# Activity:
Below are records to be transcribed exactly; any pictures should be left out.

Start of Given data

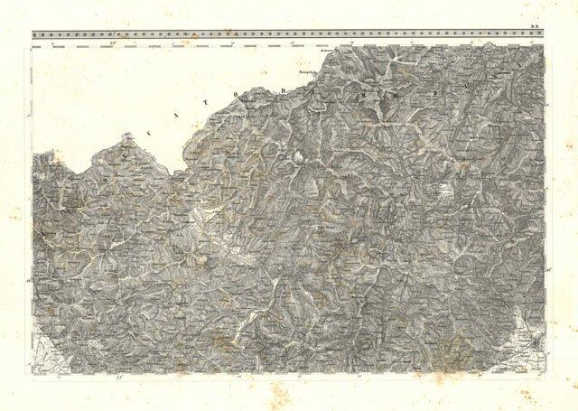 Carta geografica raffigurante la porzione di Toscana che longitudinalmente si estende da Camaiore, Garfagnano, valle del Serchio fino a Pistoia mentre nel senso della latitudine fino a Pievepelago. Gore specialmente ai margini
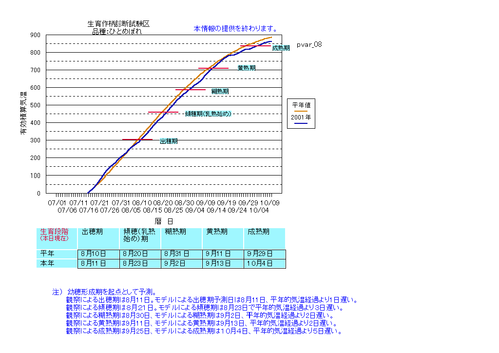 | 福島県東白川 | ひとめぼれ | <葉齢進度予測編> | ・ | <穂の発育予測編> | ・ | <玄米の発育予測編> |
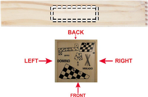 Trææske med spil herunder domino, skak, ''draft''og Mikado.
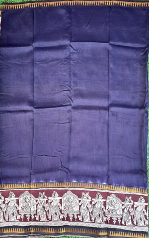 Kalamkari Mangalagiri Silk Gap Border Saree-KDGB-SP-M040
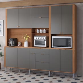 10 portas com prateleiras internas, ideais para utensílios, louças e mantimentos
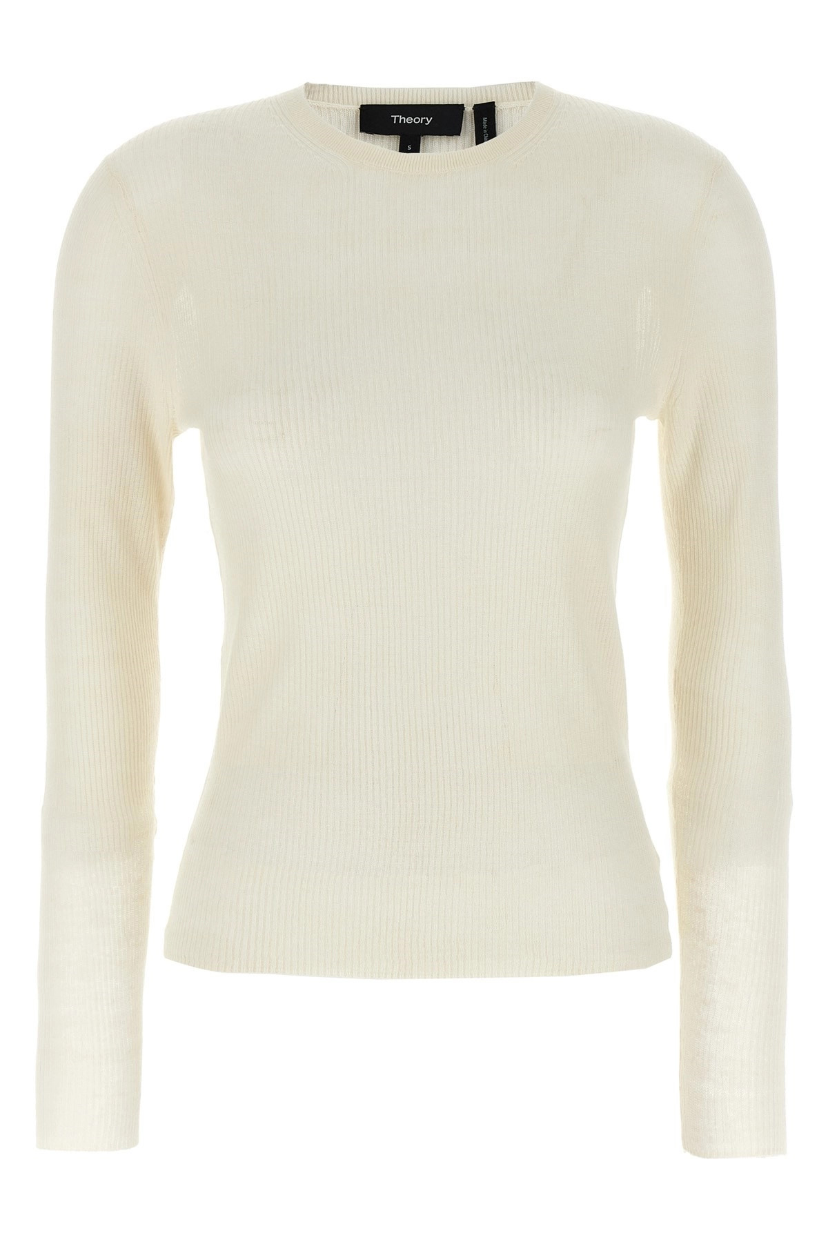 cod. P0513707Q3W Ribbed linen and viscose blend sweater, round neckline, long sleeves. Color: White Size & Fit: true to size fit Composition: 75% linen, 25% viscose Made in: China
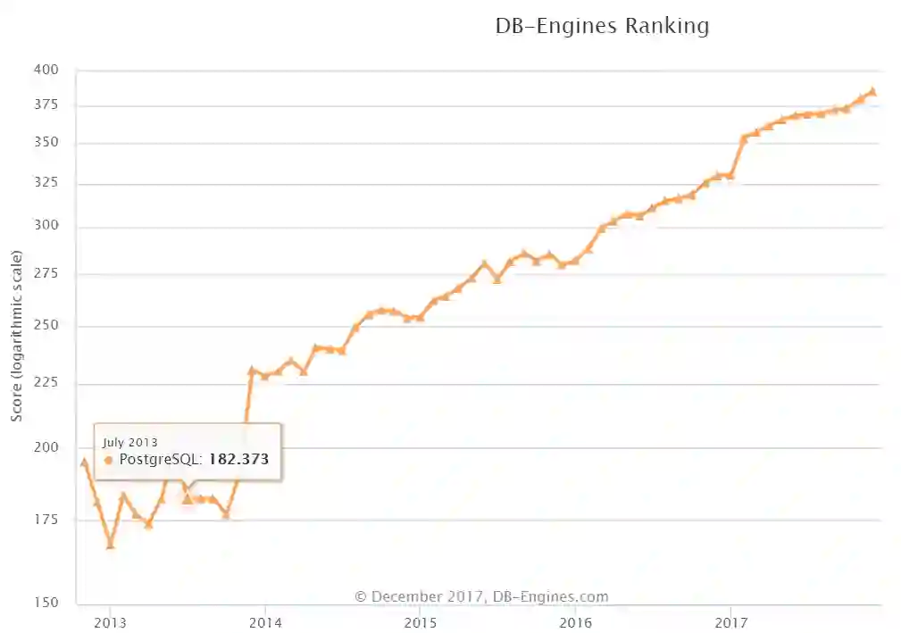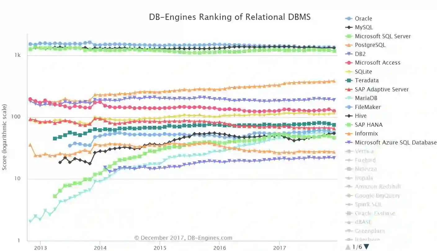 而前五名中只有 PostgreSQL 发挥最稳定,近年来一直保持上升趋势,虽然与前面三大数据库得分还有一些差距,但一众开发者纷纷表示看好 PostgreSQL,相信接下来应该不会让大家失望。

End of Given data

# Task response:
 Carta geografica raffigurante la porzione di Toscana che longitudinalmente si estende da Camaiore, Garfagnano, valle del Serchio fino a Pistoia mentre nel senso della latitudine fino a Pievepelago. Gore specialmente ai margini
 | 福島県東白川 | ひとめぼれ | <葉齢進度予測編> | ・ | <穂の発育予測編> | ・ | <玄米の発育予測編> |
 Trææske med spil herunder domino, skak, ''draft''og Mikado.
 Kalamkari Mangalagiri Silk Gap Border Saree-KDGB-SP-M040
 10 portas com prateleiras internas, ideais para utensílios, louças e mantimentos
 cod. P0513707Q3W Ribbed linen and viscose blend sweater, round neckline, long sleeves. Color: White Size & Fit: true to size fit Composition: 75% linen, 25% viscose Made in: China
 而前五名中只有 PostgreSQL 发挥最稳定,近年来一直保持上升趋势,虽然与前面三大数据库得分还有一些差距,但一众开发者纷纷表示看好 PostgreSQL,相信接下来应该不会让大家失望。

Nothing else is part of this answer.